Mumbai: Investors may once again have to pay agent fees when buying mutual fund (MF) units.
Securities and Exchange Board of India (Sebi) chairman U.K. Sinha indicated on Wednesday that the Indian capital markets regulator is set to make it more attractive for distributors to sell mutual funds by providing them new incentives. He was addressing an annual mutual fund summit organized by industry lobby group Confederation of Indian Industry (CII).
The move is likely in response to sluggish unit sales after C.B. Bhave, the previous Sebi chairman, scrapped entry loads in August 2009. Entry load is an upfront fee investors pay when they buy a mutual fund unit.
The mutual fund industry has been unhappy with the ban, arguing that it has hurt their operations, as distributors migrated to selling other financial products that gave them better fees.
However, investors have saved an estimated Rs2,800 crore since the ban.
“Sebi’s earlier moves have impacted the mutual fund industry. The count of equity folios has come down. Sales by independent financial advisers have come down. Sales of mutual funds in small towns have gone down. Sebi is looking at some way to incentivize the distributors,” said Sinha.
“At least in case of first-time mutual fund investors, it is difficult to increase the penetration of the industry unless distributors are incentivized,” he added.
To be sure, Sinha gave no hints about the nature of these incentives or whether investors would pick up the tab.
A report by CII and PricewaterhouseCoopers released on Wednesday said that huge redemption pressure had resulted in a netoutflow of Rs494.06 billion from the Indian mutual fund industry in fiscal 2011, compared with a net inflow of Rs830.81 billion in fiscal 2010.
“Lack of adequate compensation has resulted in the disappearance of small distributors, who would have otherwise serviced small retail investors... Pushing sales in the industry boils down to incentivizing the distributor to sell these products. A possible measure that could be looked at is increasing the trail commission paid to the distributor,” said the report.
Prior to the ban on entry loads, a distributor could earn a commission of 3-4% on new fund offers and 2-2.5% on existing schemes. This has now been reduced to 0.75-1%.
“As of now there is a Rs100 transaction charge for distributors, which is under proposal with Sebi. It is not attractive. A real incentive would prompt distributors to reach out to investors and sell mutual fund products,” said C.J. George, managing director of Geojit BNP Paribas Financial Services Ltd.
“Today’s situation is that there is very little addition of new investors as distributors do not find the business rewarding,” he added.
However, not all distributors are complaining.
“We have not had any problems even after loads were taken away, because we charge our clients based on the kind of advice we provide. Incentives can help grow business overall in the mutual fund distribution segment as sales have been down,” said Lyna Hebelle, an independent financial adviser who runs Tychee Financial Solutions.
Sinha has formed a Sebi special committee to look into the issues affecting the mutual fund industry.
The committee has recommended that the regulator should allow incentivization of distributors and raise the accountability bar.
In a combative speech at last year’s mutual fund summit, Bhave had taken the industry to task, saying that mutual funds have not been able to collect money because of their poor performance.
Milind Barve, managing director of HDFC Asset Management Co.
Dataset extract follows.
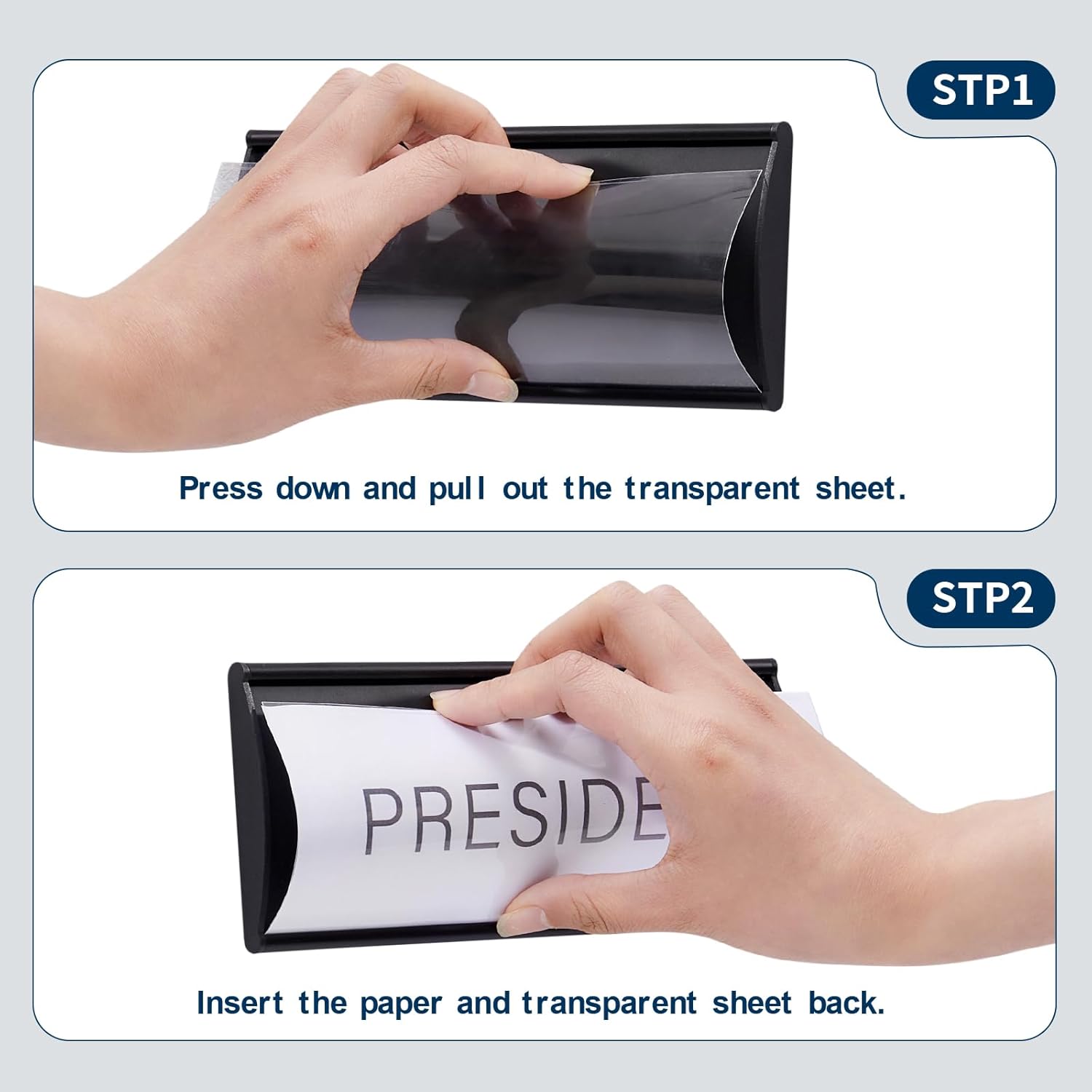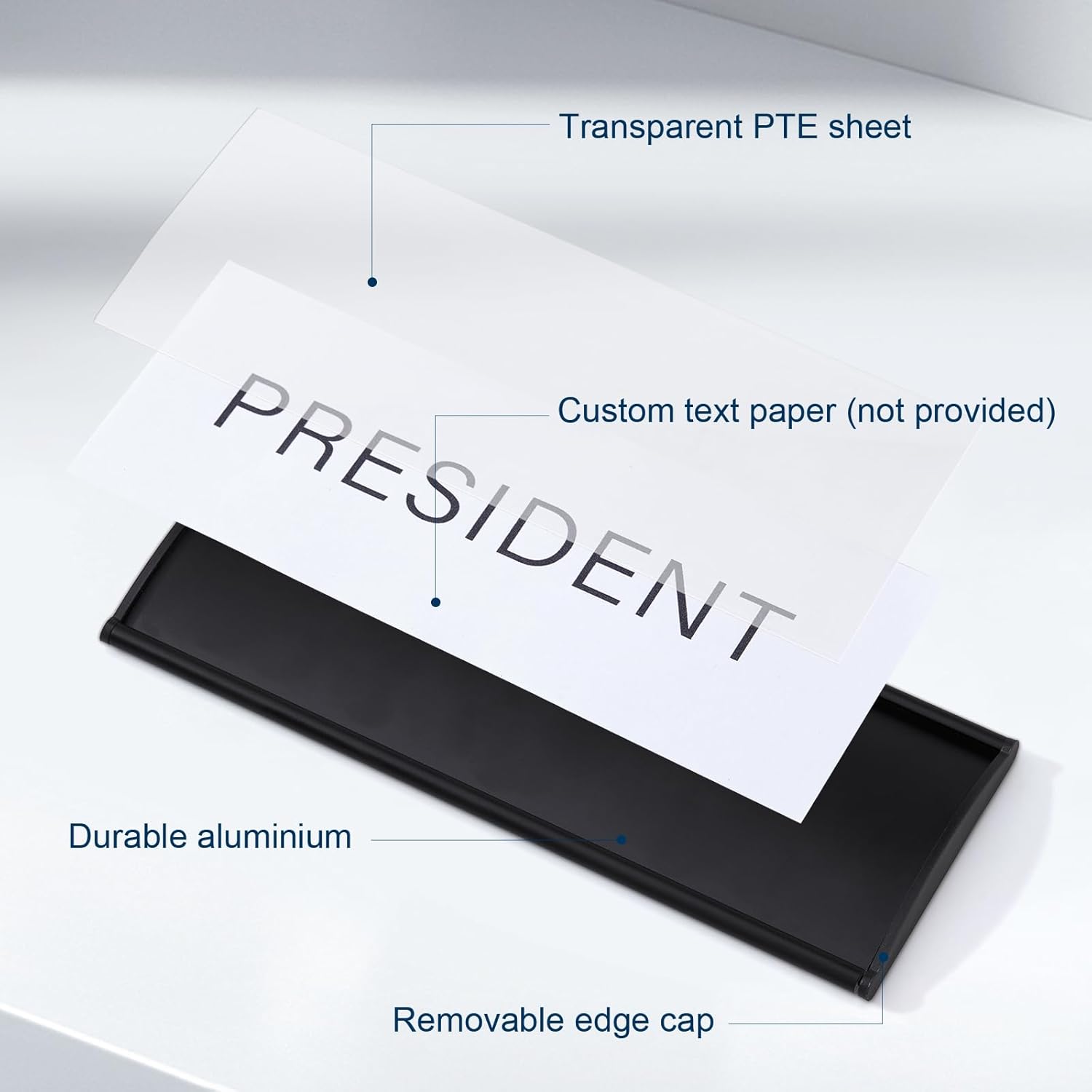- Simple Installation with Secure Adhesion: The door name plate is designed for hassle-free application, ensuring a quick and easy installation process. The lightweight aluminum material is both reliable and durable, while the adhesive tape makes it simple to mount. Just peel and stick the office name plates for wall without worrying about damaging the door.Additionally, this door name plate personalized for office can be easily updated with changeable inserts, making it a versatile option for any office door signs for office.

Ltd, said the industry needs to sell simpler products to increase penetration and Sebi should look at what the industry can do without much regulatory intervention.
“The industry has been obsessed with Sebi. They (Sebi) have been finding us at fault every time we did something. It is painful that as mutual fund companies we are looked down upon by the public,” he said.
Sinha also announced a slew of other proposals in his speech.
Asset management companies may have to mandatorily provide investors information on the track record of individual fund managers, Mint reported on Wednesday.
The process of initial public offerings will be simplified, and disclosures should be made intelligible to the ordinary investor, Sinha said. Further, the Sebi chairman said mutual fund houses will have to provide a break-up of their assets under management, between money put in by individual investors and institutional investors, though he did not specify a time frame for this change.
The market regulator also plans to regulate distributors of mutual funds and introduce uniform know-your-customer norms for all activities under Sebi’s jurisdiction.
“Sebi is looking into distributor regulation, but not in a disruptive manner. It will be for a limited number of large distributors,” he said.
Currently there is no direct regulation for mutual fund distributors.